**Exercise requirements**
Given the entries below, would you transcribe exactly the lines starting at the one with "Roues complètes Bud" and ending at the one with "Am 5. September", both kept, pictures omitted, nothing extra?

**Material to process**
:::::

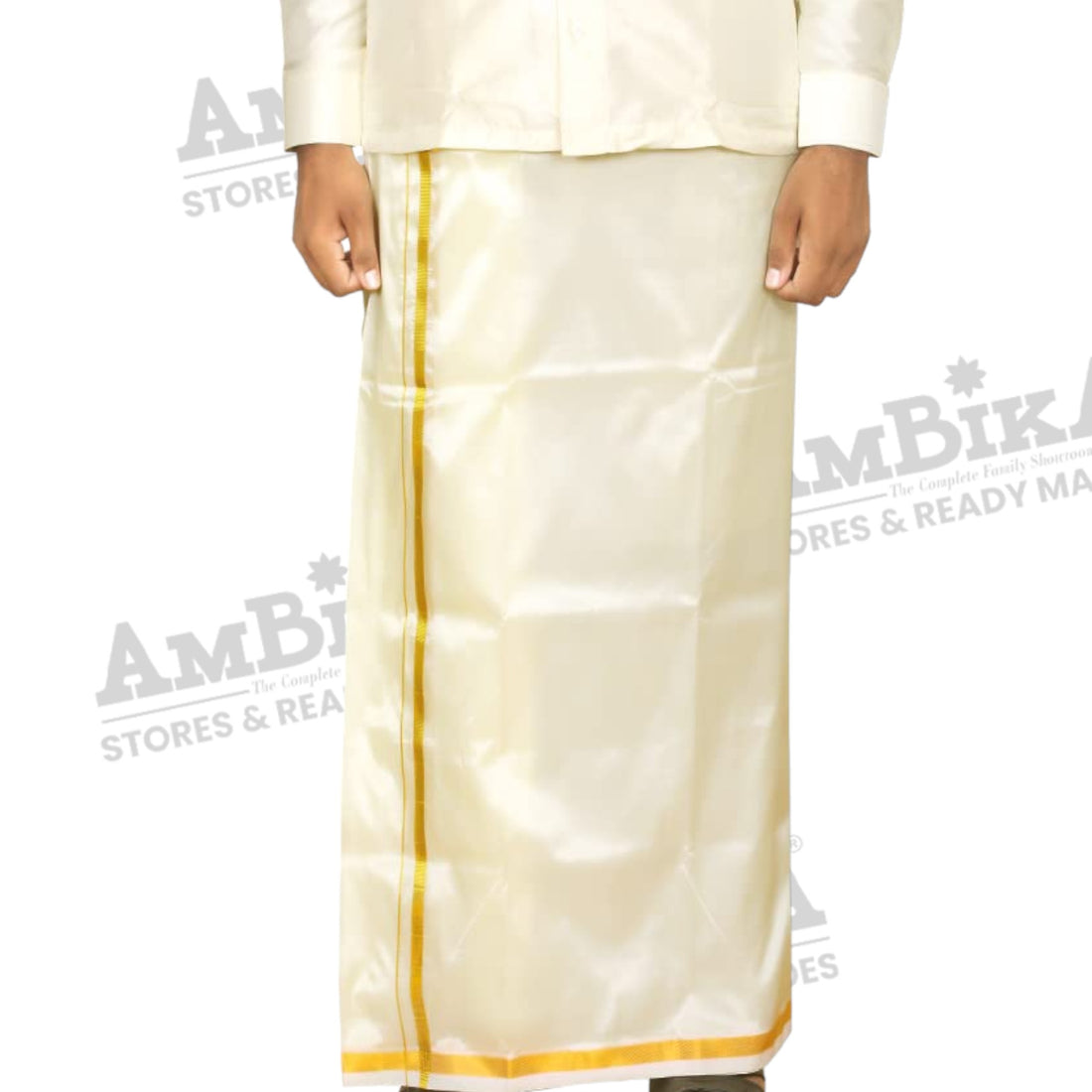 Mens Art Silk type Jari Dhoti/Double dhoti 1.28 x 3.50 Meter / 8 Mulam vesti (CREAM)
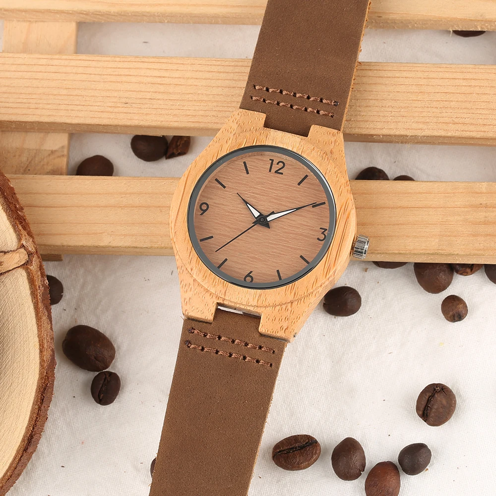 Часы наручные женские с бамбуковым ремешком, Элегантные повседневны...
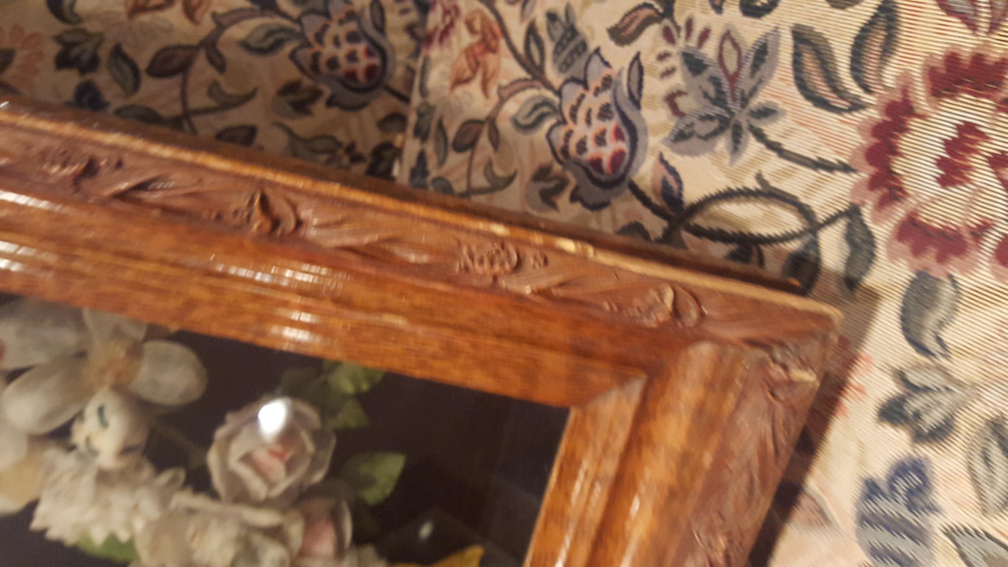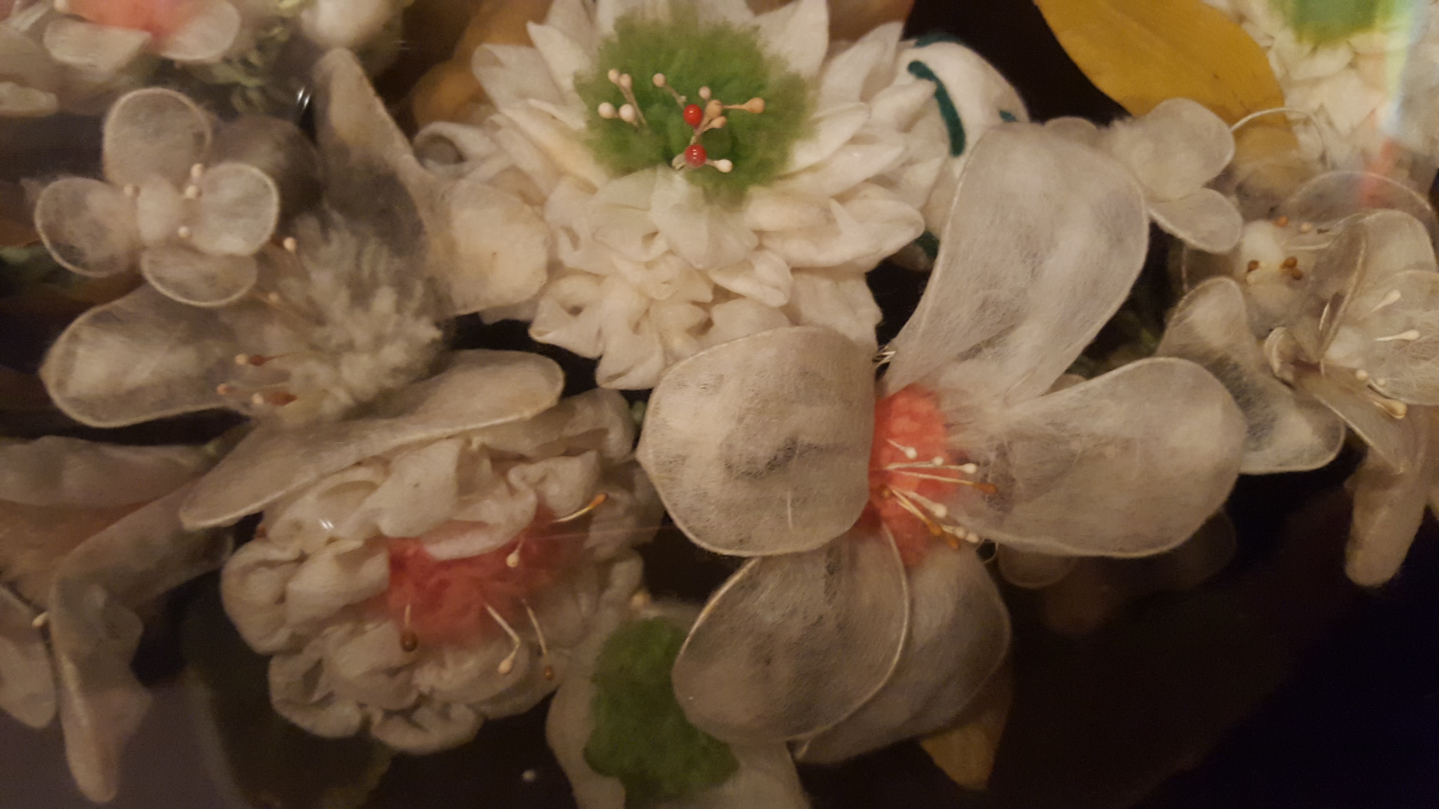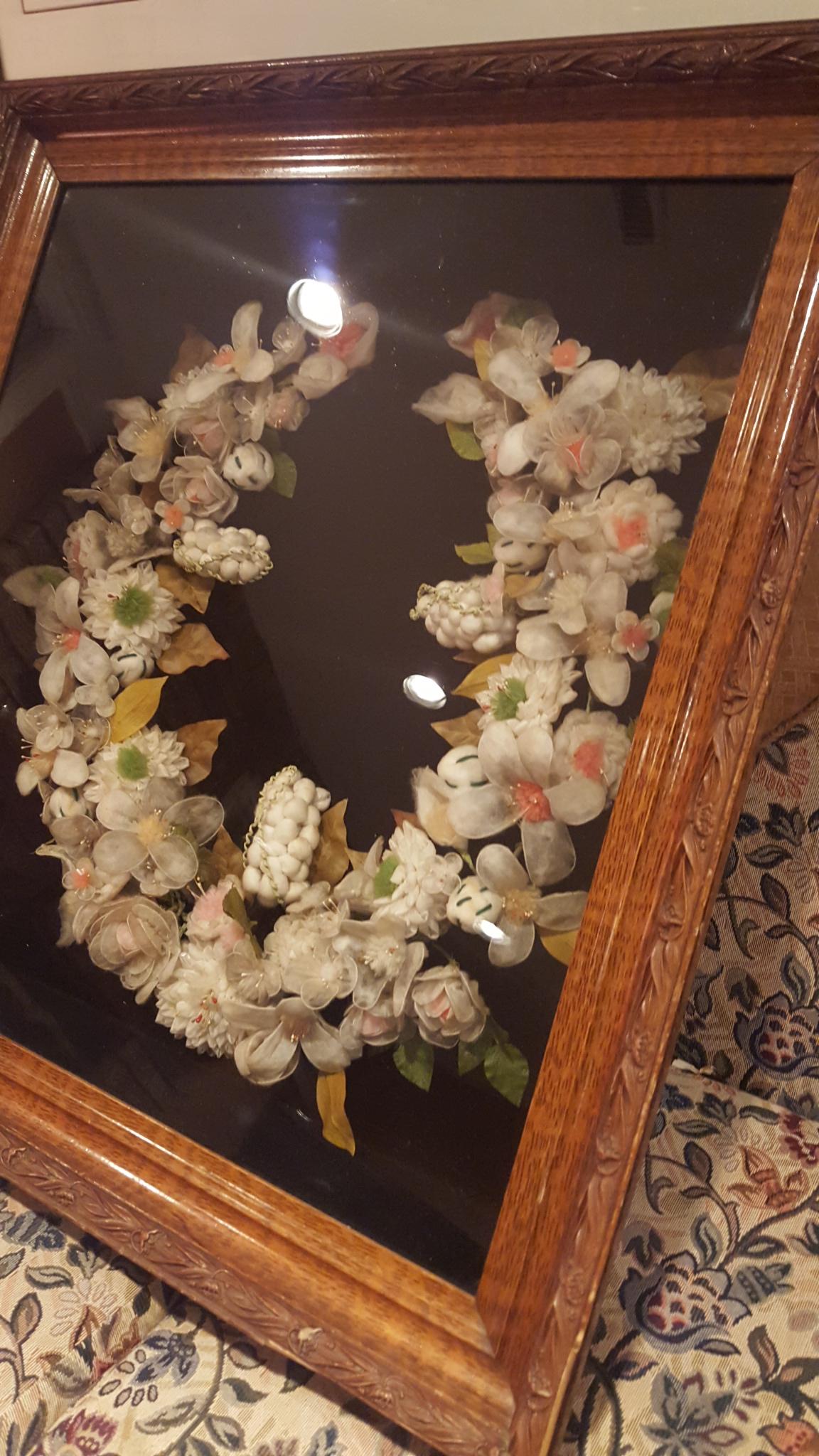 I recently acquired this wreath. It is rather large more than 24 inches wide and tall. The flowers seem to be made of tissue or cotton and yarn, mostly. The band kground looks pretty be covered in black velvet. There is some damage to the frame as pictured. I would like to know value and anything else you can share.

:::::

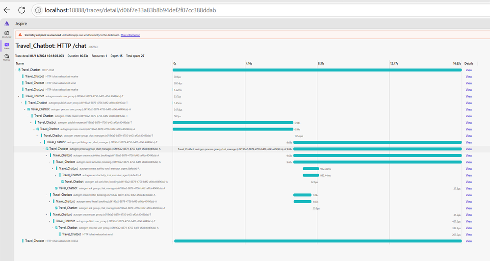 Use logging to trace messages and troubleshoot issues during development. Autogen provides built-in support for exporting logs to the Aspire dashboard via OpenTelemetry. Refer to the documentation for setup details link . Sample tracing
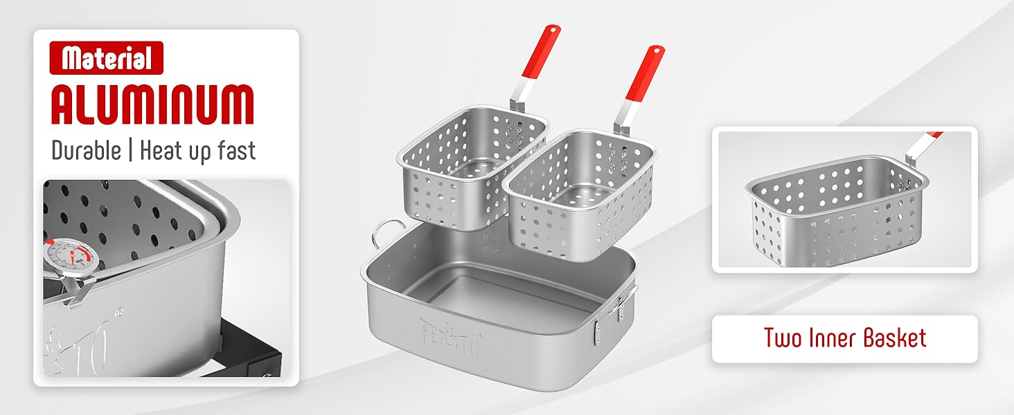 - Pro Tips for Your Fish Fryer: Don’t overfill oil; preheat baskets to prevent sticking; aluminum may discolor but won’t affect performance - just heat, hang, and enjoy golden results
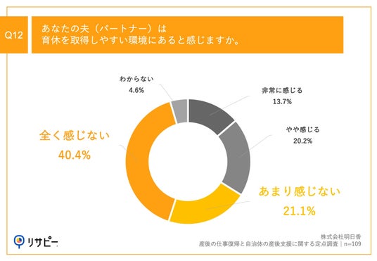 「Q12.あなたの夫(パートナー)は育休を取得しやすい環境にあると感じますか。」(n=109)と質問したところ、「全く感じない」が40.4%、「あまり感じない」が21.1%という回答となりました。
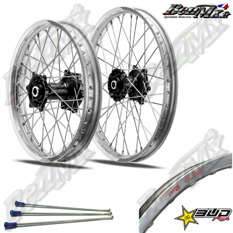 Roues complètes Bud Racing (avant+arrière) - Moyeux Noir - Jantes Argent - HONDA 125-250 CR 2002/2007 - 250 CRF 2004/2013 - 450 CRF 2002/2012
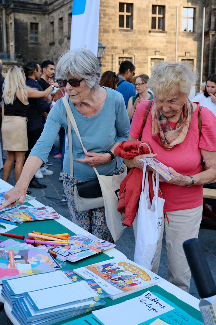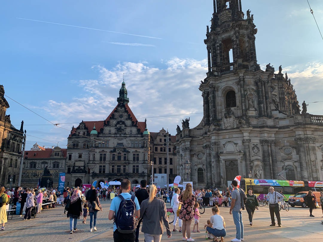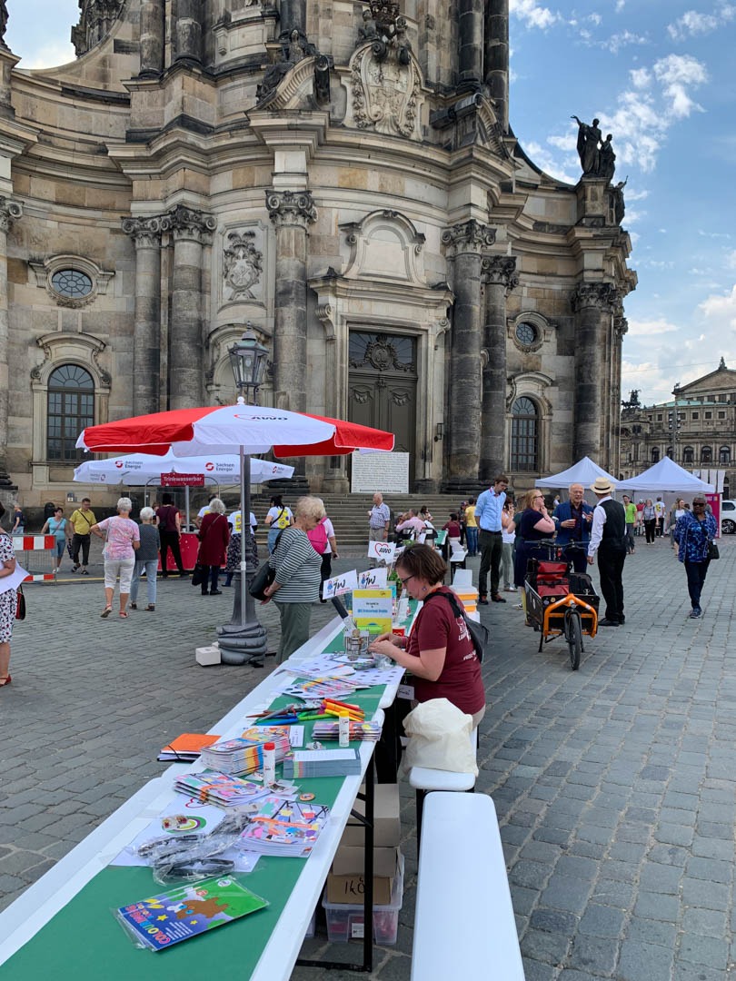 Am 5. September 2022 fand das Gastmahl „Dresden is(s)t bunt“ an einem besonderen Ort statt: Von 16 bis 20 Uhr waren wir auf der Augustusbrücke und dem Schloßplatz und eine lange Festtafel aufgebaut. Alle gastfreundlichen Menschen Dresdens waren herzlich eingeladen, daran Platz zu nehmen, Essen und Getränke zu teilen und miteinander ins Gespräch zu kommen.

:::::

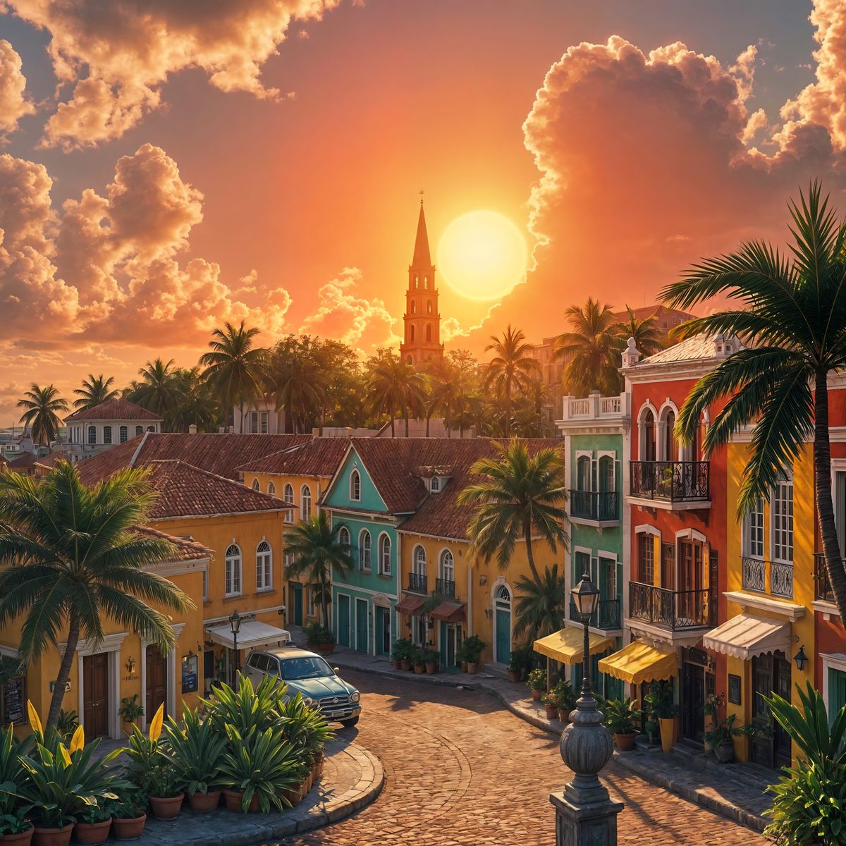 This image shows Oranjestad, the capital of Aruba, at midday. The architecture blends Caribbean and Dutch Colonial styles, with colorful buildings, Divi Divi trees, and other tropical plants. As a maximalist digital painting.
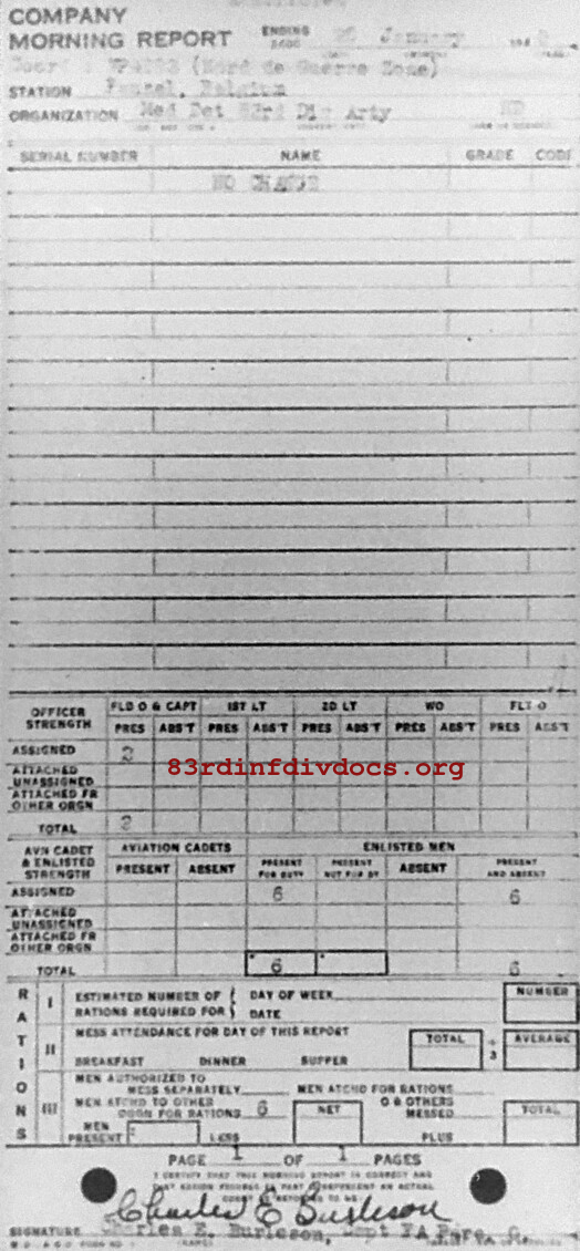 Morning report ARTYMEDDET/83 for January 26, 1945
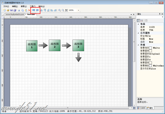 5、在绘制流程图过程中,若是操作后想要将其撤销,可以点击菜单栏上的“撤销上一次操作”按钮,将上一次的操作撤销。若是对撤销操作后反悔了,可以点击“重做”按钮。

:::::

**Solved problem**
 Roues complètes Bud Racing (avant+arrière) - Moyeux Noir - Jantes Argent - HONDA 125-250 CR 2002/2007 - 250 CRF 2004/2013 - 450 CRF 2002/2012
 Am 5. September 2022 fand das Gastmahl „Dresden is(s)t bunt“ an einem besonderen Ort statt: Von 16 bis 20 Uhr waren wir auf der Augustusbrücke und dem Schloßplatz und eine lange Festtafel aufgebaut. Alle gastfreundlichen Menschen Dresdens waren herzlich eingeladen, daran Platz zu nehmen, Essen und Getränke zu teilen und miteinander ins Gespräch zu kommen.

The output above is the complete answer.